PROBLEM:
Your answer must be only the lines below from the one containing "Schweinelendchen mit Rosmarin" through the one containing "张书记来到20级人工智能专业", copied exactly, with the pictures left out.

TASK INPUT:
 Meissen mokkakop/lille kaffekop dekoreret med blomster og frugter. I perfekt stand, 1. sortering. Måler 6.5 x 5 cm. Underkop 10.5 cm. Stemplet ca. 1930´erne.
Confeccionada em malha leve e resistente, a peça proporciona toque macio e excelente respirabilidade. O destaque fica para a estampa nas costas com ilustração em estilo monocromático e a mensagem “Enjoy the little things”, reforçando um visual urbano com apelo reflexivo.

...

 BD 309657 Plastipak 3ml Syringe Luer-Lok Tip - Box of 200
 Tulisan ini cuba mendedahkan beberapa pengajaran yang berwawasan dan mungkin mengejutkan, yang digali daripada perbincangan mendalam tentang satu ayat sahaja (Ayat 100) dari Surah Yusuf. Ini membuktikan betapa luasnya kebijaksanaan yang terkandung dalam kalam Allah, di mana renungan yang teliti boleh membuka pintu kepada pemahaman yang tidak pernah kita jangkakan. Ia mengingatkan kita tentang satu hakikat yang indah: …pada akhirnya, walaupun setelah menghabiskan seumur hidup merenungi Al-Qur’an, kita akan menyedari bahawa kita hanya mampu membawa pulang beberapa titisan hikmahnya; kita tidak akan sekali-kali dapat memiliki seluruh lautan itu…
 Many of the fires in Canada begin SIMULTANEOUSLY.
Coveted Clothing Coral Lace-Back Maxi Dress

* * *

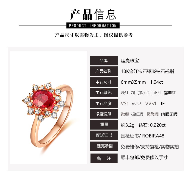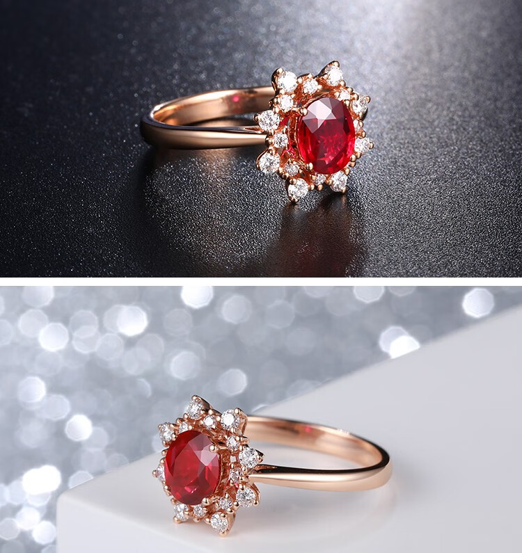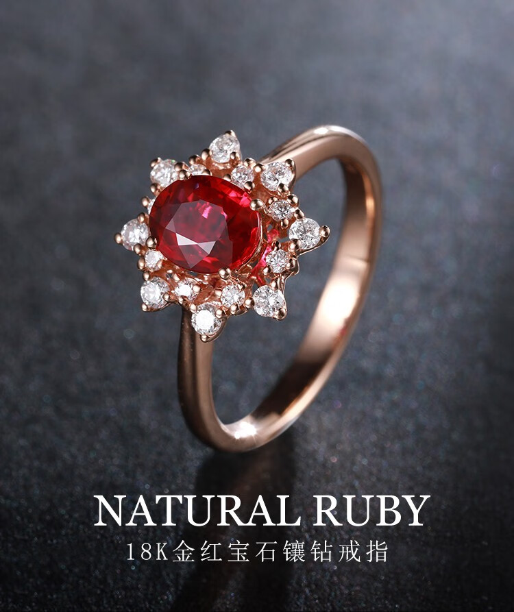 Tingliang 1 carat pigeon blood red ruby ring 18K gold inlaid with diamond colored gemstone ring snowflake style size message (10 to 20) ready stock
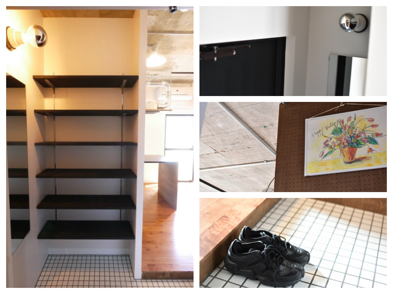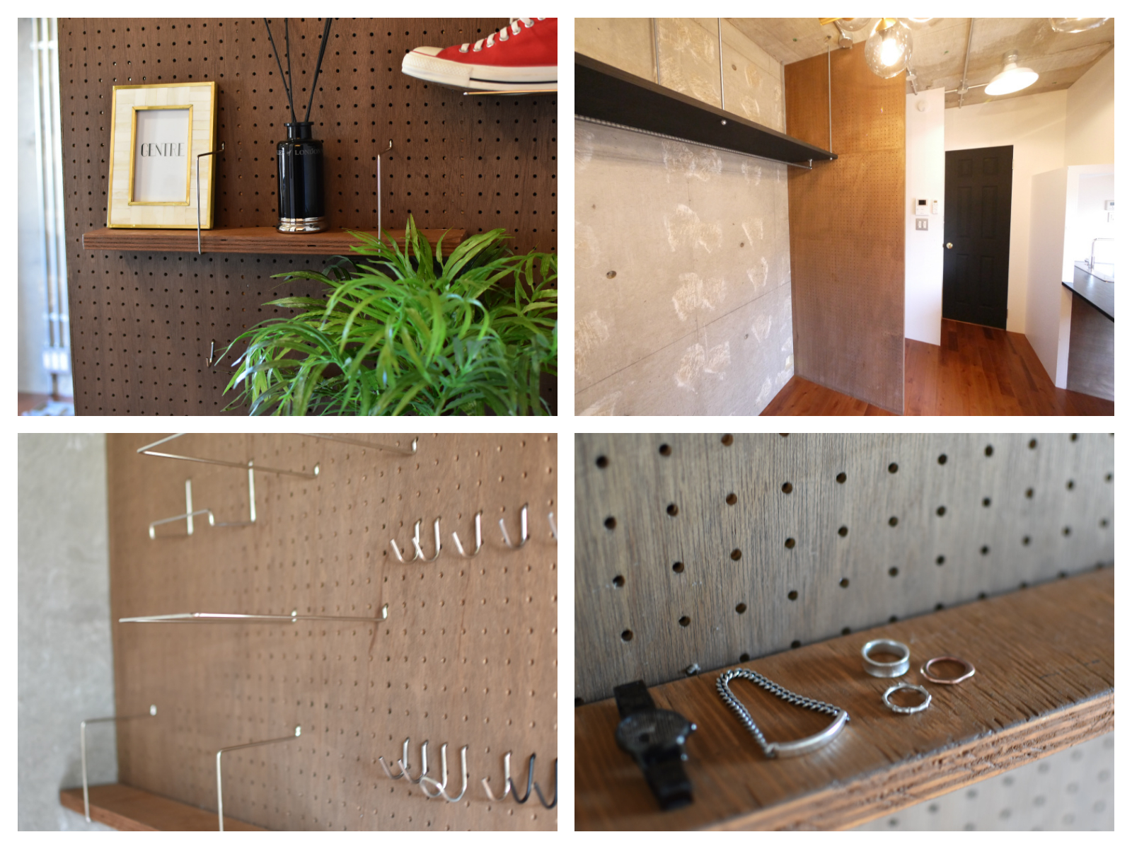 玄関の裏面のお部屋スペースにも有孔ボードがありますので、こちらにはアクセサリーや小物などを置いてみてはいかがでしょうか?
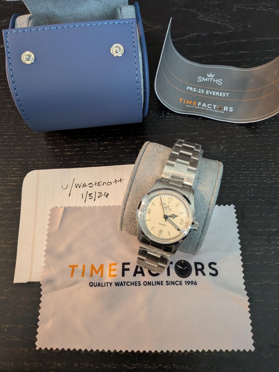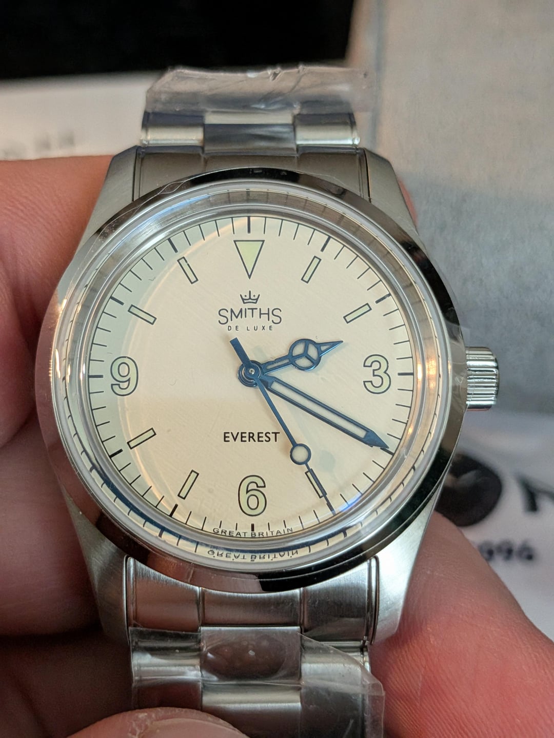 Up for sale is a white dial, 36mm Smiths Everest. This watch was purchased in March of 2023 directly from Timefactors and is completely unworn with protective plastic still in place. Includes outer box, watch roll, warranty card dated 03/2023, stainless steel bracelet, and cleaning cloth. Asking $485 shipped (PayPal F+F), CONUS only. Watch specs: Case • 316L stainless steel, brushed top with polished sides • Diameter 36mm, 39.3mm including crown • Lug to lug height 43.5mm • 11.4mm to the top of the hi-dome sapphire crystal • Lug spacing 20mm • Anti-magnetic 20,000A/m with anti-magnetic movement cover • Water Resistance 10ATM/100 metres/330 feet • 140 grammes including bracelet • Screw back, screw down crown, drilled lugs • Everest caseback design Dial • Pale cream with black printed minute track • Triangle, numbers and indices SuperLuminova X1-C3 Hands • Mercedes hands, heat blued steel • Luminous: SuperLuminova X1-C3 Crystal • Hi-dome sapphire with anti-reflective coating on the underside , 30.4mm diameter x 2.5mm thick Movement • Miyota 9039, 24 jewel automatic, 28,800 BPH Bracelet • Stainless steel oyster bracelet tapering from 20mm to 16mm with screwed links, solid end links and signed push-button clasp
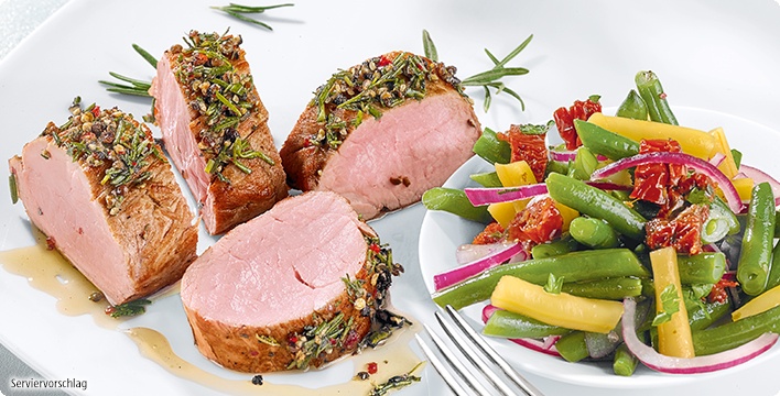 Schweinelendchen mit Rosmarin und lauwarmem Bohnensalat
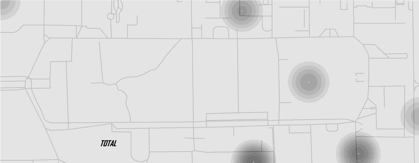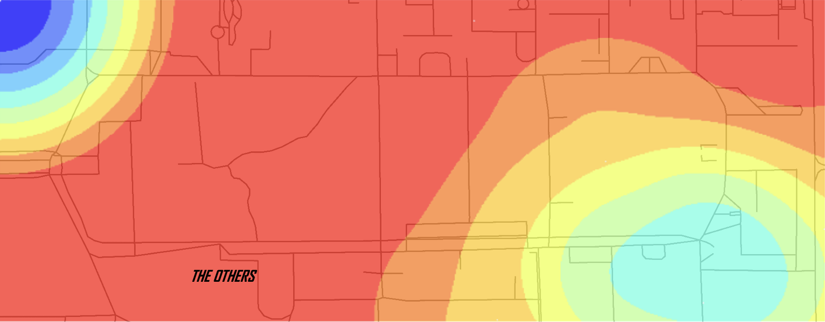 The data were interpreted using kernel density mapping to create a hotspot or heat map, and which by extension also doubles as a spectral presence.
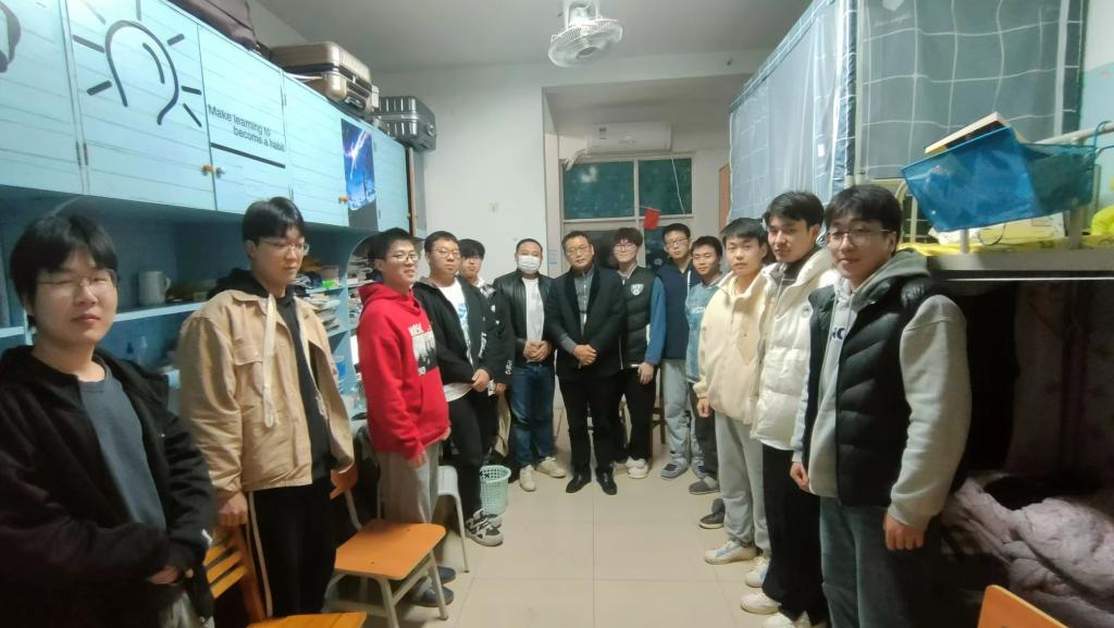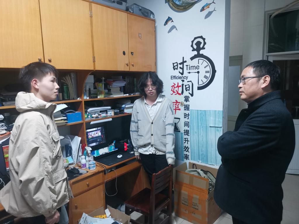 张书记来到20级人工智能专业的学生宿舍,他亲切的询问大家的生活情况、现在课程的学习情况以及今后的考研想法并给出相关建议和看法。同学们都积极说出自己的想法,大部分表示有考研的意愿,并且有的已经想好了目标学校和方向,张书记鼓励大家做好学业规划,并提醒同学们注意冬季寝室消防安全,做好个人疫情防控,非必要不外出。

TASK ANSWER:
 Schweinelendchen mit Rosmarin und lauwarmem Bohnensalat
 The data were interpreted using kernel density mapping to create a hotspot or heat map, and which by extension also doubles as a spectral presence.
 张书记来到20级人工智能专业的学生宿舍,他亲切的询问大家的生活情况、现在课程的学习情况以及今后的考研想法并给出相关建议和看法。同学们都积极说出自己的想法,大部分表示有考研的意愿,并且有的已经想好了目标学校和方向,张书记鼓励大家做好学业规划,并提醒同学们注意冬季寝室消防安全,做好个人疫情防控,非必要不外出。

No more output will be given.